Памятники отдельно, Ленины отдельно. Орнаментализация истории

На модерации Отложенный

Современная реставрация — это механизм амнезии, работающий через окончательное устранение связи между вещью, контекстом и временем, которое нас от него отделяет. В любом искалеченном временем и подростками гипсовом пионере, случайно уцелевшем в городском сквере райцентра, больше памяти о советском прошлом, чем в восстановленных «согласно первоначальному замыслу» художников «Рабочем и колхознице».

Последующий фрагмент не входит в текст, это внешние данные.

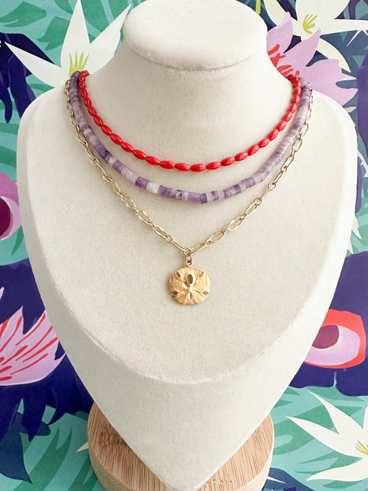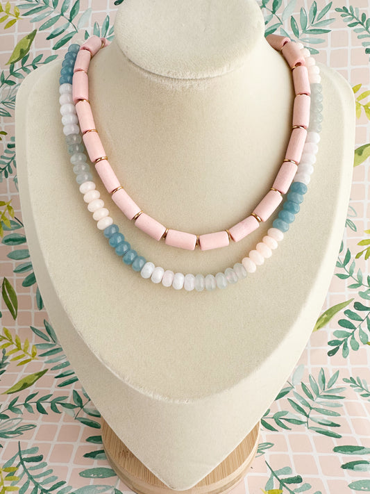 Kauai Necklace-Pink Wooden Tube with Gold Discs

Несколько дней назад, в ночь с 14 на 15 апреля, в Петербурге была возвращена на своё законное и охраняемое (как выяснилось год назад, не слишком успешно) броневиком место бронзовая фигура Ленина. Запечатлев его возвращение из эмиграции 3 апреля 1917 года, памятник стал одним из первых образцов ленинской иконографии, совместив образ вождя и мемориальное указание на событие, запустившее обратный отсчёт времени старого мира. Пространственный контекст памятника, сооружённого в 1926 году, совпадал с аутентичным контекстом события: тут тебе и площадь, и вокзал, и доставивший Ленина паровоз, и броневик, и пролетарии, спешащие на многочисленные фабрики Выборгской стороны. Устойчивый идеологический фон ещё прочнее цементировал связь между моментом истории и его монументальной коммеморацией*. «Ленин жив!», — заговаривала время официальная пропаганда. «Ленин с нами!», — эхом отзывались главные улицы и площади советских городов.

Шло время. В 1950-е и 1970-е был перестроен вокзал и изменён архитектурный ансамбль самой площади. Несмотря на холодноватую позднесоветскую помпезность, площадь приобретала всё более обжитой и домашний вид: памятник стал ориентиром для встреч перед концертами в расположенном неподалёку концертном зале, окрестные скамейки приглашали выпить-закусить с видом на Ильича, броневик торопливо огибали трудящиеся, спешащие на пригородные электрички («картошку-то кто окучивать будет? Ленин, что ли?»). В общем, как и во всём, жизнь брала верх над историей, а повседневность — над героическим прошлым. Идеологический месседж пророс травой газонов и следами равнодушных к революционной памяти птиц.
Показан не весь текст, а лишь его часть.